Twice a week there is a short Bible-reading in the evening, with hymn-singing.

The day begins with breakfast and family prayers, and then two of the guests help the Matron and servant for half-an-hour to wash up and clear away.

We find each so willing to help in turn, and in this "Bee's half-hour" so much is done that the Home is not disturbed by cleaning at other times, and all are ready to go out if they like by 9.30. We give an egg beaten up in milk to the most delicate patients at eleven, and the others take out biscuits for lunch, and bread and butter, or dripping, which many prefer, and ramble about in the cornfields or on the seashore till dinner time, when they return with a fresh appetite.
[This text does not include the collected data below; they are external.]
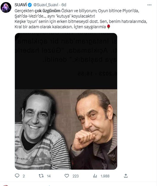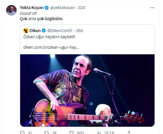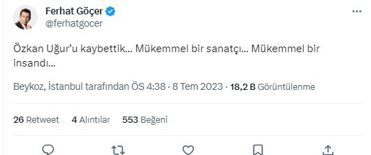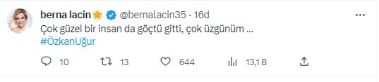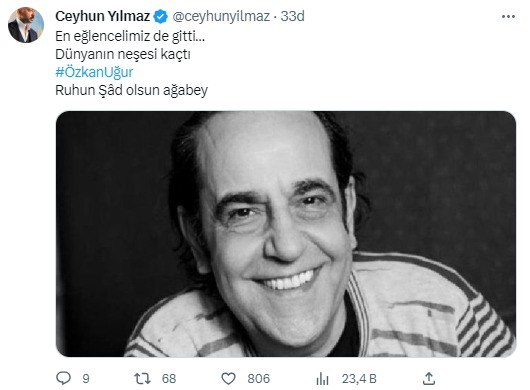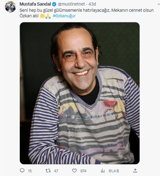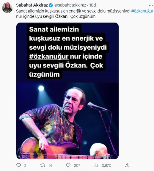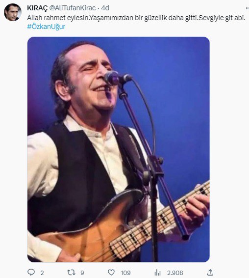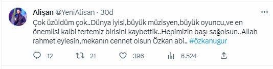 MFÖ müzik gurubun üyesi ve oyuncu Özkan Uğur, bir süredir yoğun bakım ünitesinde tedavi gördüğü hastanede bugün hayatını kaybetti. 69 yaşındaki Özkan Uğur’un ölümü Türkiye’yi yasa boğdu. Usta sanatçının hayatını kaybetmesi sonrası sanat dünyasından peş peşe taziye mesajları yayınlandı. İşte o paylaşımlardan öne çıkanlar…
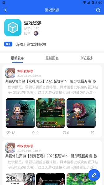 3.例如小编这里选择了游戏板块,这里会有拥有分享自己喜欢的游戏
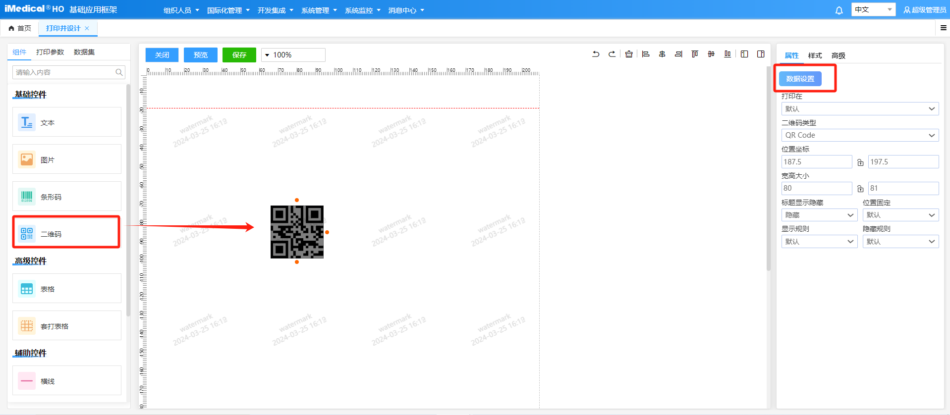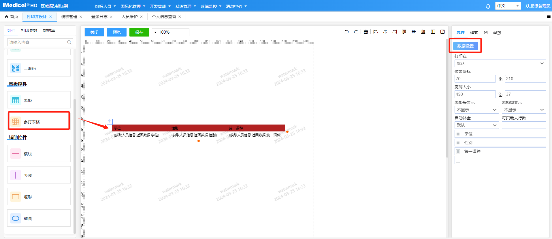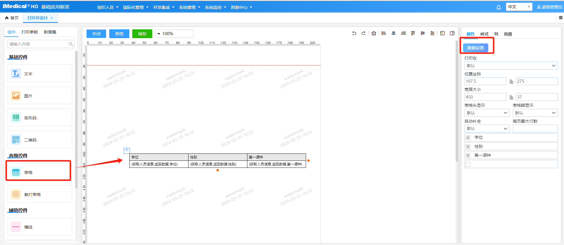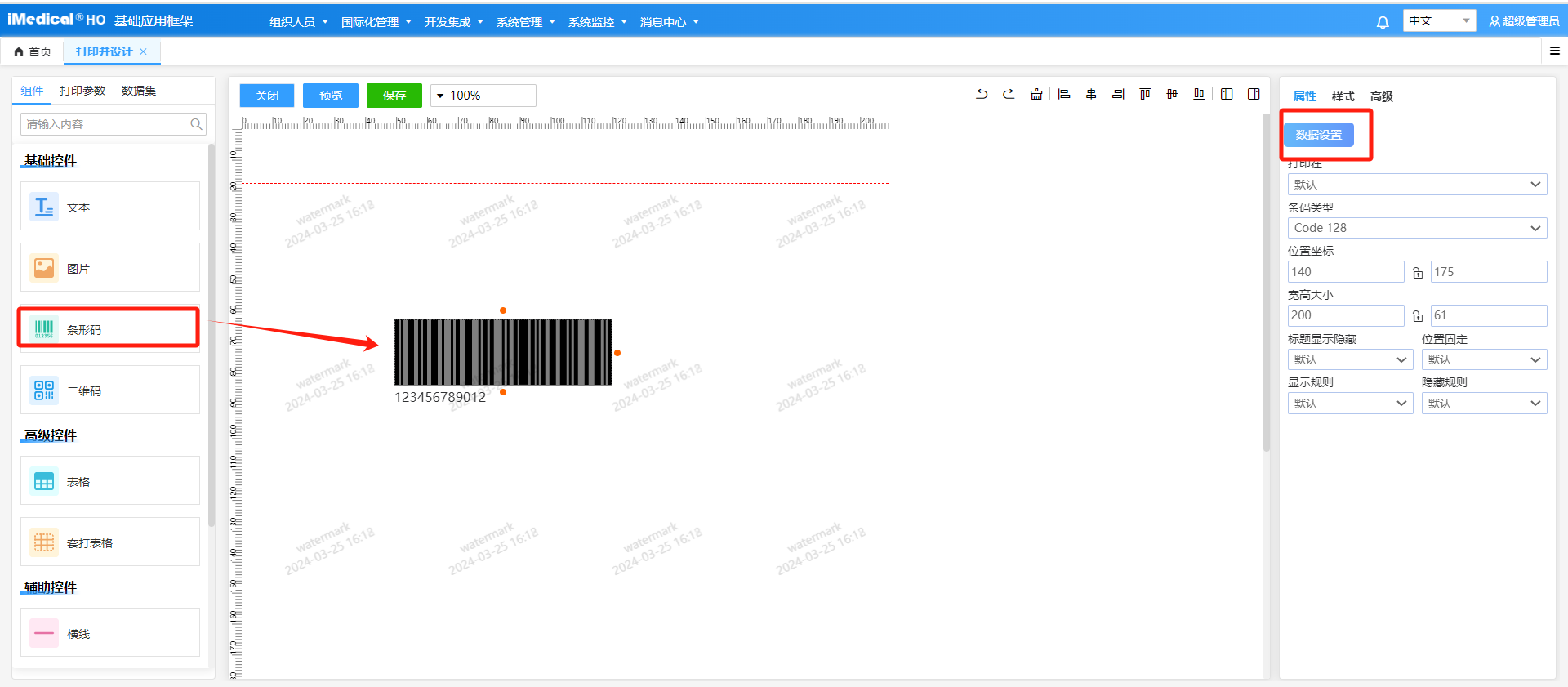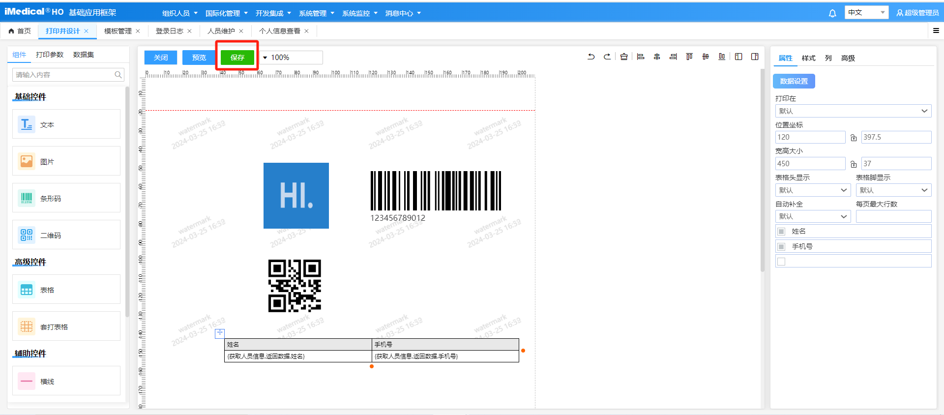 Lodop打印设计器支持文本、图片、条形码、二维码、表格、套打表格、辅助功能等组件。只需要将组件拖动至画布中,选择组件的数据设置、样式设置等配置 即可完成Lodop打印模板的设计。
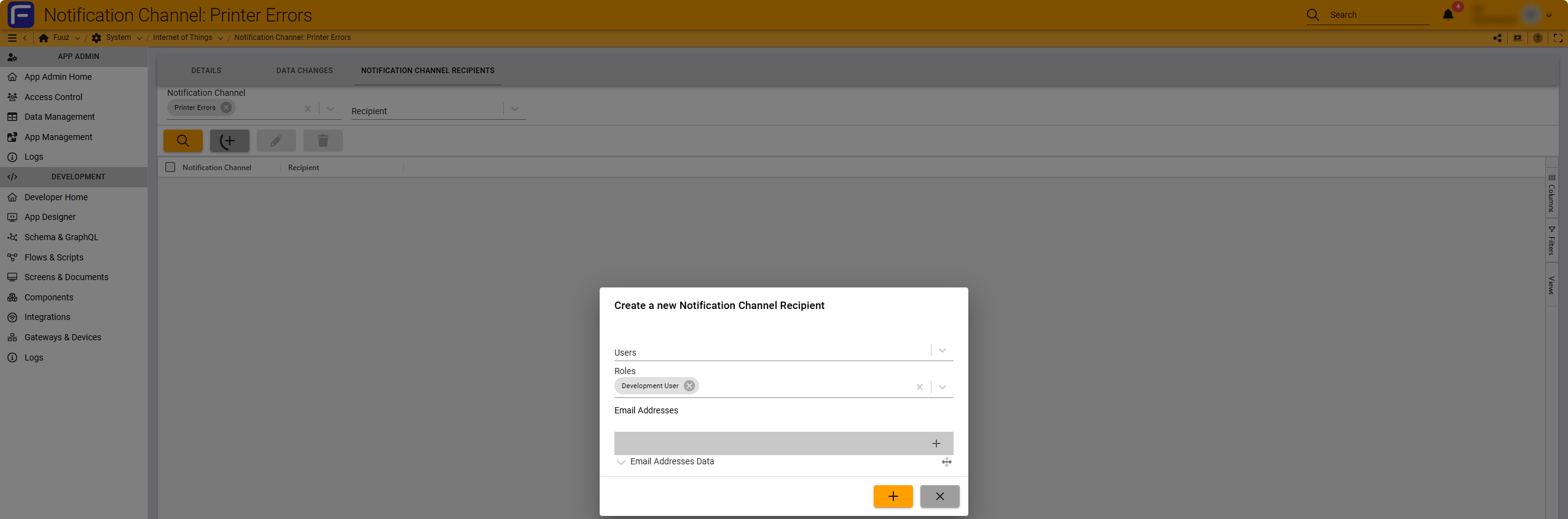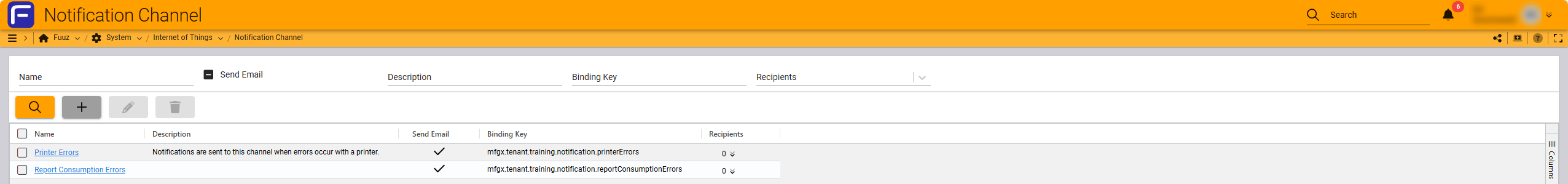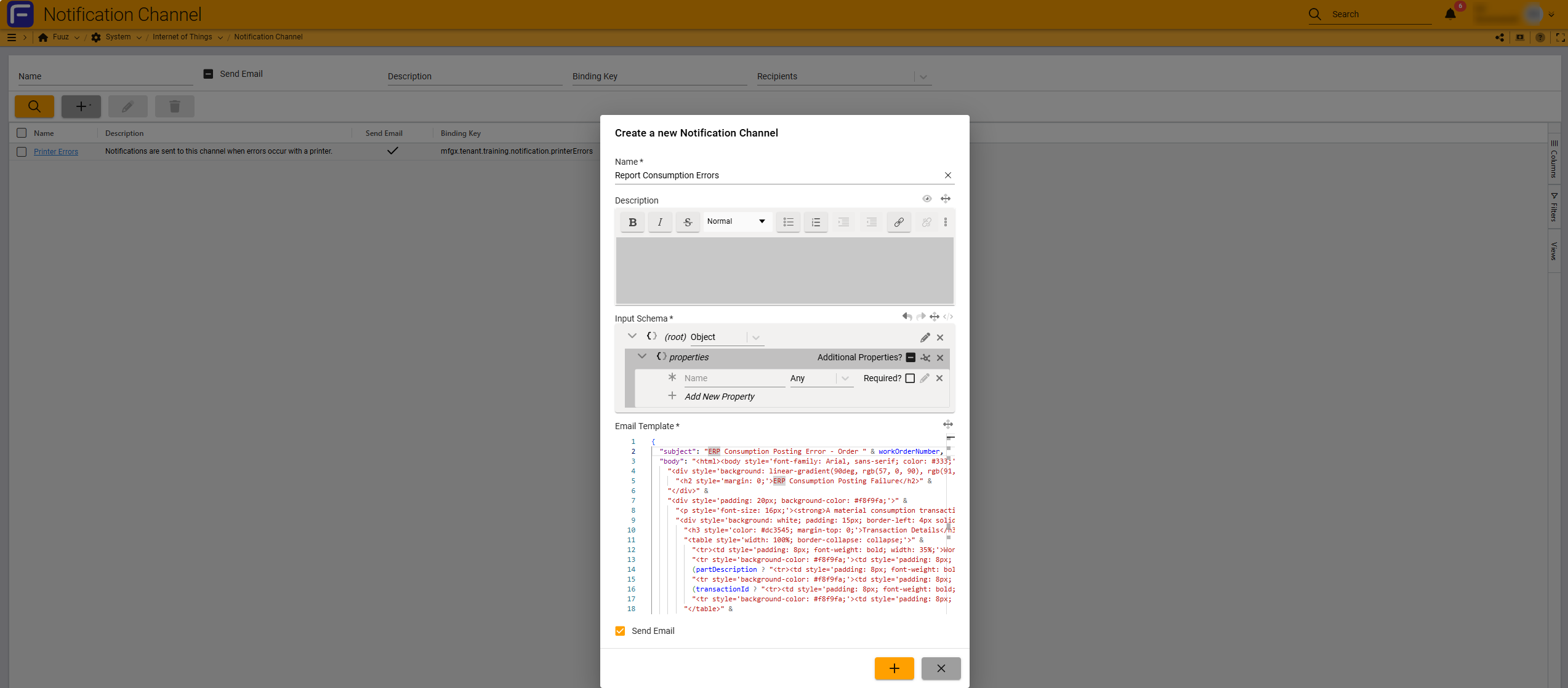 Fuuz → System → Internet of Things → Notification Channel
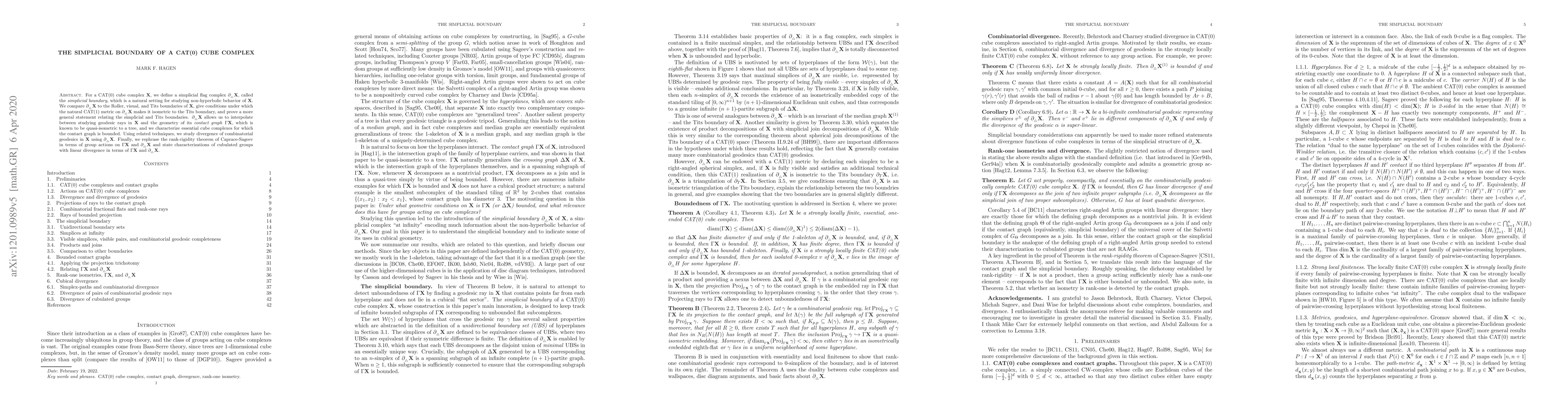 For a CAT(0) cube complex $\mathbf X$, we define a simplicial flag complex $\partial_\Delta\mathbf X$, called the \emph{simplicial boundary}, which is a natural setting for studying non-hyperbolic behavior of $\mathbf X$. We compare $\partial_\Delta\mathbf X$ to the Roller, visual, and Tits boundaries of $\mathbf X$ and give conditions under which the natural CAT(1) metric on $\partial_\Delta\mathbf X$ makes it (quasi)isometric to the Tits boundary. $\partial_\Delta\mathbf X$ allows us to interpolate between studying geodesic rays in $\mathbf X$ and the geometry of its \emph{contact graph} $\Gamma\mathbf X$, which is known to be quasi-isometric to a tree, and we characterize essential cube complexes for which the contact graph is bounded. Using related techniques, we study divergence of combinatorial geodesics in $\mathbf X$ using $\partial_\Delta\mathbf X$. Finally, we rephrase the rank-rigidity theorem of Caprace-Sageev in terms of group actions on $\Gamma\mathbf X$ and $\partial_\Delta\mathbf X$ and state characterizations of cubulated groups with linear divergence in terms of $\Gamma\mathbf X$ and $\partial_\Delta\mathbf X$.

Then how the dinner is enjoyed! and we hope that many a household and economical lesson is learnt so that the husbands at home may reap some benefit too from the new experiences. "No rice for me, thank you," says one woman, but on seeing the others enjoy their pudding she, too, ventures on a little, and wonders how it is that "it tastes so different," and that a little lemonpeel and careful cooking can do so much. There are many opportunities for teaching cookery, and how to make the most of the little that they get at home, and they are surprised to learn what nourishment they lose by wastefully peeling potatoes, and burning the meat.

The conversation often turns on the management of babies, and they say that though, perhaps, the doctors may have told them what to do, yet they did not give the reason why, and the poor children shall be differently cared for in future.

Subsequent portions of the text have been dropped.